The goal of self attention is to compute the `context vector` of each token in a sequence. The context vector is an enriched embedding representation of a token. It is packed with information about the token itself and its relationship/relevance to other tokens in a sequence.

#### Implement self-attention with untrainable weights

In [12]:
import torch

inputs = torch.tensor(
  [[0.43, 0.15, 0.89], # Your     (x^1)
   [0.55, 0.87, 0.66], # journey  (x^2)
   [0.57, 0.85, 0.64], # starts   (x^3)
   [0.22, 0.58, 0.33], # with     (x^4)
   [0.77, 0.25, 0.10], # one      (x^5)
   [0.05, 0.80, 0.55]] # step     (x^6)
)

In [13]:
attention_scores = inputs @ inputs.T
# Normalize the attention scores with a softmax
attention_weights = torch.softmax(attention_scores, dim=-1)
# Compute now the context vector
context_vector = attention_weights @ inputs
print("Context vector:\n", context_vector)

Context vector:
 tensor([[0.4421, 0.5931, 0.5790],
        [0.4419, 0.6515, 0.5683],
        [0.4431, 0.6496, 0.5671],
        [0.4304, 0.6298, 0.5510],
        [0.4671, 0.5910, 0.5266],
        [0.4177, 0.6503, 0.5645]])


#### Implement self-attention with trainable weights

In self-attention without `trainaible weights`, `context vector` is a weighted sum over input vectors. However, for `trainable weights`, `context vector` is weighted sum over value vector.

##### Query, Key and Value analogy to database operation
`query` is the word/token in input sequence that the model wants to get information on, key is what is used to get the information about the query and `value` is the information received using the key.

In [14]:
import torch.nn as nn

# Let's now implement self-attention with trainable weights
# We will be using nn.Parameter to initialize and create the weights
class SelfAttention_v1(nn.Module):
    def __init__(self, d_in, d_out):
        """
        :param d_in: input dimension
        :param d_out: output dimension
        """
        super().__init__()
        self.W_q = nn.Parameter(torch.randn(d_in, d_out))
        self.W_k = nn.Parameter(torch.randn(d_in, d_out))
        self.W_v = nn.Parameter(torch.randn(d_in, d_out))
    
    def forward(self, x):
        """
        :param x: input tensor of shape (batch_size, d_in)
        :return: output tensor of shape (batch_size, d_out)
        """
        # Compute queries, keys and values
        Q = x @ self.W_q
        K = x @ self.W_k
        V = x @ self.W_v

        # Compute attention scores
        attention_scores = Q @ K.T
        attention_weights = torch.softmax(attention_scores / (K.shape[-1] ** 0.5), dim=-1)

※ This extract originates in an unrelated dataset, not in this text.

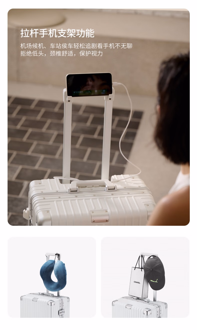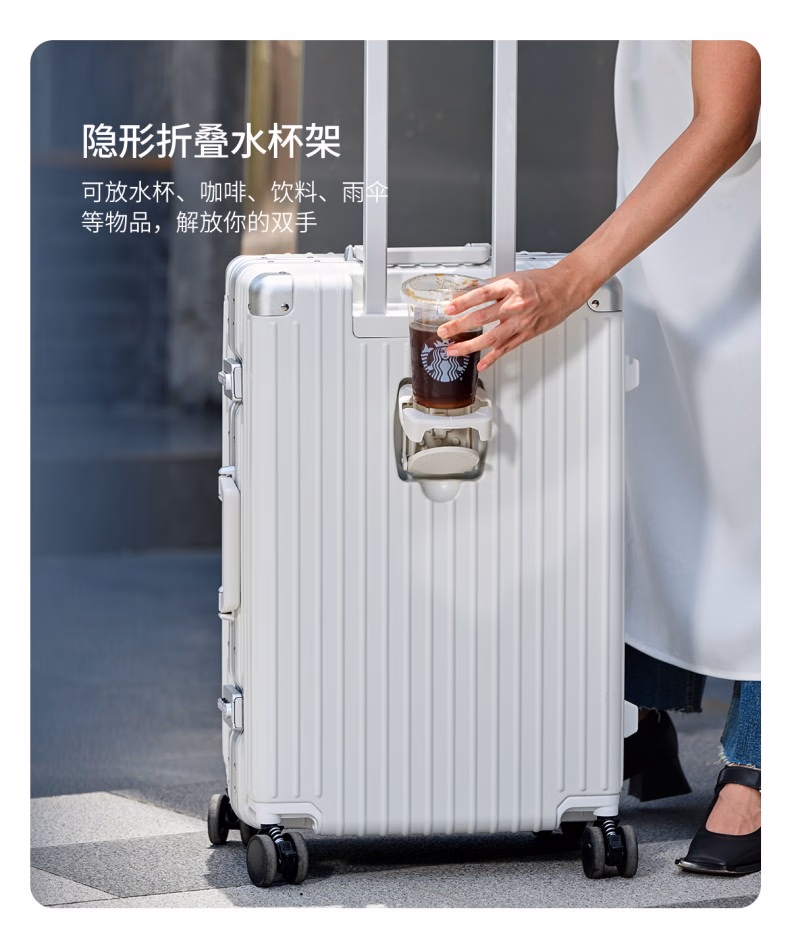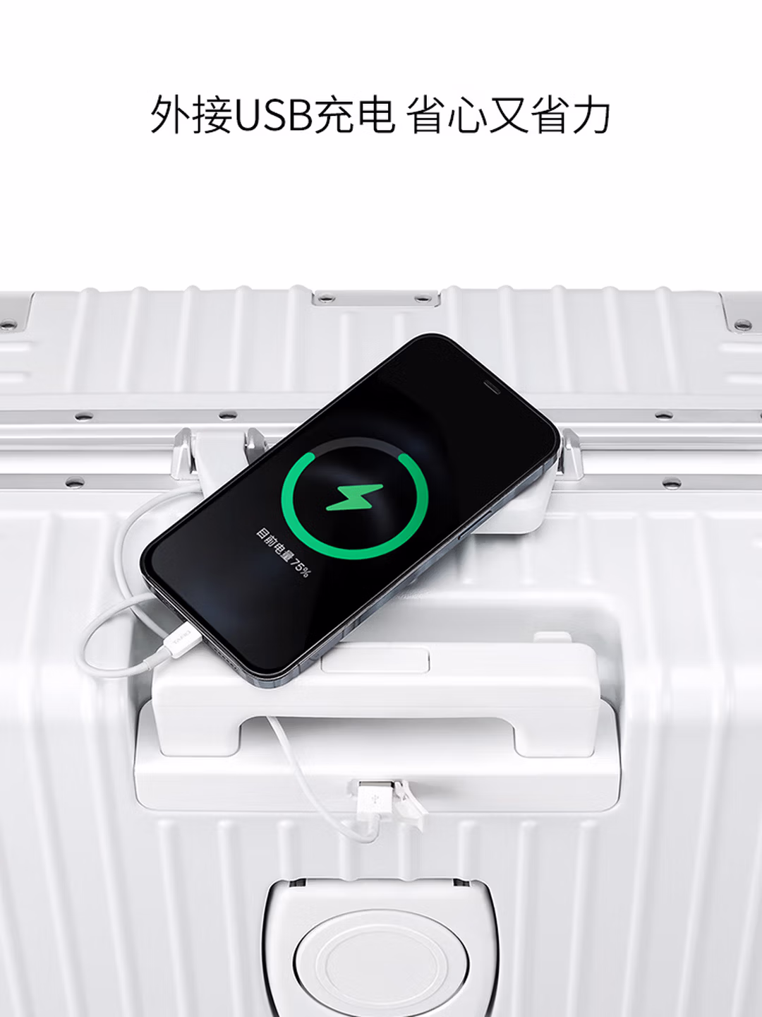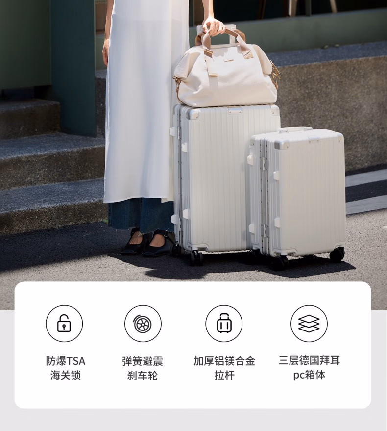 > 梦旅者多功能行李箱铝框拉杆箱皮箱万向轮旅行箱男女 28英寸哑光白色
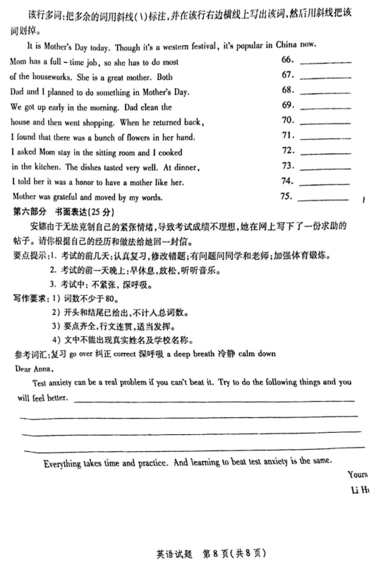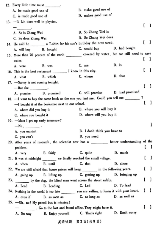 導讀:以下是陜西高職單招考試英語試題。陜西高職單招考試英語備考時每日必做的事情就是背單詞,鞏固復習單詞,運用單詞。然后就是刷閱讀理解、完形填空做題做多了是有套路的,總結規律。最后就是聽英語,多聽多讀,保持自己的語感!

        # Compute context vector
        context_vector = attention_weights @ V

        return context_vector

- Let's test self-attention v1

In [15]:
torch.manual_seed(123)
d_in, d_out = 3, 2
sa_v1 = SelfAttention_v1(d_in=d_in, d_out=d_out)
context_vector_v1 = sa_v1(inputs) # Context vector for the inputs
context_vector_v1

tensor([[0.2845, 0.4071],
        [0.2854, 0.4081],
        [0.2854, 0.4075],
        [0.2864, 0.3974],
        [0.2863, 0.3910],
        [0.2860, 0.4039]], grad_fn=<MmBackward0>)

In [16]:
# Lets now use nn.Linear to implement self-attention

class SelfAttention_v2(nn.Module):
    def __init__(self, d_in, d_out, qkv_bais=False):
        """
        :param d_in: input dimension
        :param d_out: output dimension
        """
        super().__init__()
        self.W_q = nn.Linear(d_in, d_out, bias=qkv_bais)
        self.W_k = nn.Linear(d_in, d_out, bias=qkv_bais)
        self.W_v = nn.Linear(d_in, d_out, bias=qkv_bais)
    
    def forward(self, x):
        """
        :param x: input tensor of shape (batch_size, d_in)
        :return: output tensor of shape (batch_size, d_out)
        """
        # Compute queries, keys and values
        Q = self.W_q(x)
        K = self.W_k(x)
        V = self.W_v(x)

        # Compute attention scores
        attention_scores = Q @ K.T
        attention_weights = torch.softmax(attention_scores / (K.shape[-1] ** 0.5), dim=-1)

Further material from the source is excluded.